My waders have a small leak in the knee, right where the reinforcement patch is sewn.  Can anyone recommend a good repair for this problem?


----------



## jard (Oct 22, 2007)

http://www.cabelas.com/cabelas/en/t...x=mode+matchall&Nty=1&Ntt=aqua+seal&noImage=0

Try this.  Its called aqua-seal!  It was recommended to me by fellow duck hunters and it is specially designed for neoprene and gore-tex!  I fixed a hole in the seat of mine about the  size of a quarter and it seemed to work just fine.


----------



## hogdawg (Oct 22, 2007)

Just ordered some from Cabelas.  Thanx for the link.  Looks like some pretty good stuff.


----------



## Hi-tech Redneck (Oct 22, 2007)

my waders came with a tube for repairs that looks like standard clear silicone you can buy at an autoparts store.


----------



## Mark Brooks (Oct 22, 2007)

Goop, Wax Paper and A Brick.   No more leaks!!

MB


----------



## rip18 (Oct 22, 2007)

Goop has fixed some amazingly large holes in my waders before!!!


----------



## Nitro (Oct 22, 2007)

AQUASEAL is the only longterm solution. I have a six year old pair of Neoprene waders that have been hunted hard- they have no leaks thanks to Aquaseal on the areas I have ripped.......
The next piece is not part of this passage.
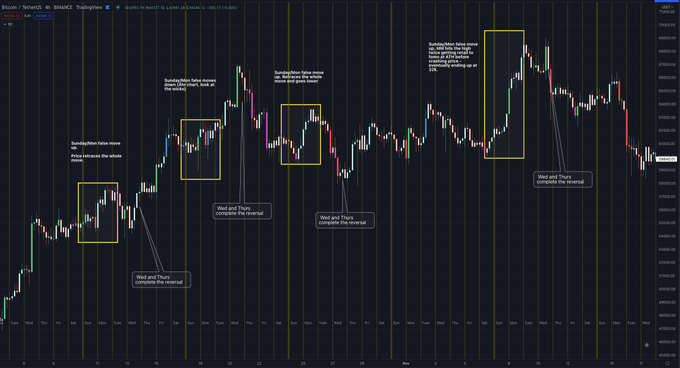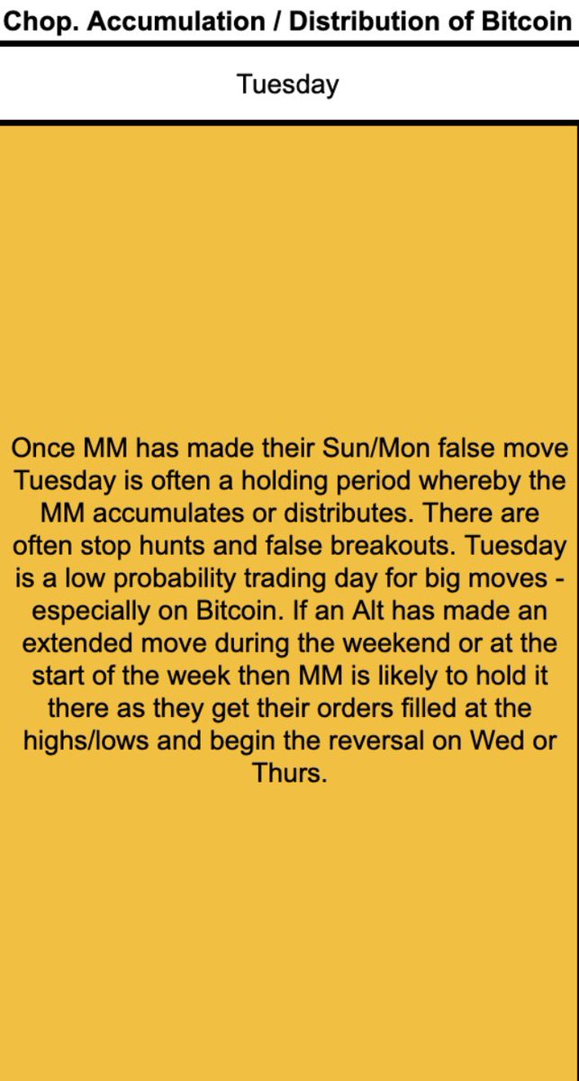 15/ After they've made their moves on Sun/Mon more often than not Tuesday is a holding day. (This isn't always the case - the drop from 48k to 28k was started on a Tuesday after Saylor announced a purchase - which is usually a trigger to go short

I should be on their ProStaff....


----------



## h20fowlin (Oct 22, 2007)

Fuzor.......google it. It's commerical grade bonder. (boot tears only).

AquaSeal for neoprene repair.


----------



## brittonl (Oct 22, 2007)

I vote for AquaSeal too, get mine from Cabelas, as everything!


----------



## gamallardman (Oct 22, 2007)

Blue pvc glue has worked for me and fellow hunters.  Turn waders inside out and stretch were leak is.  Smere glue at leak while you still have them stretched and give a few minutes to dry.


----------



## Russ Toole (Oct 22, 2007)

100% silicone worked for me.


----------



## reddawg9 (Oct 23, 2007)

*wader repair*

You can buy shoe goo at wal-mart in the shoe section,works as good as aqua seal and cheaper.


----------



## Mark Brooks (Oct 23, 2007)

Reddawg,
That is goop!!  It is the best and like you said very cheap.

It is a long term fix.   Six year old waders is just getting worked in good around here!!

Put wax paper on inside of waders at the damaged area
Add goop over tear or hole on outside of waers
Put wax paper over entire gooped area. 
Lay a brick on top of it on a flat surface for 24 hours.
Peel off wax paper and it is fixed for ever!!

MB


----------



## h20fowlin (Oct 23, 2007)

Oh ..i gorgot about goop. Yep, thats the best. Sorry


----------



## duckndeerhuntinRN (Oct 23, 2007)

*silicone*

Silicone worked on a pair of neopreme waders. I used them for about 4years,I  repaired many small puctures and up to quarter sized holes. just bought clear automotive silicone for about $4.00..smeared small amont on the inside and outside..big holes, I just used fishing line and stitched the hole together and smeared silicone on it.. no leakes.
David


----------



## h20fowlin (Oct 23, 2007)

Or better yet......do what i usually do.

When you get a hole in them...ESPECIALLY around the crotch, invite your brother in law on the next hunt, and let him borrow a pair of waders.

This not only allows you to buy a new pair for yourself, but it keeps him from asking you to go back.


----------



## Dep6 (Oct 24, 2007)

H2O, you ain't right!!


----------



## Mark Brooks (Oct 24, 2007)

H2O 

Great Strategy!!!  

MB


----------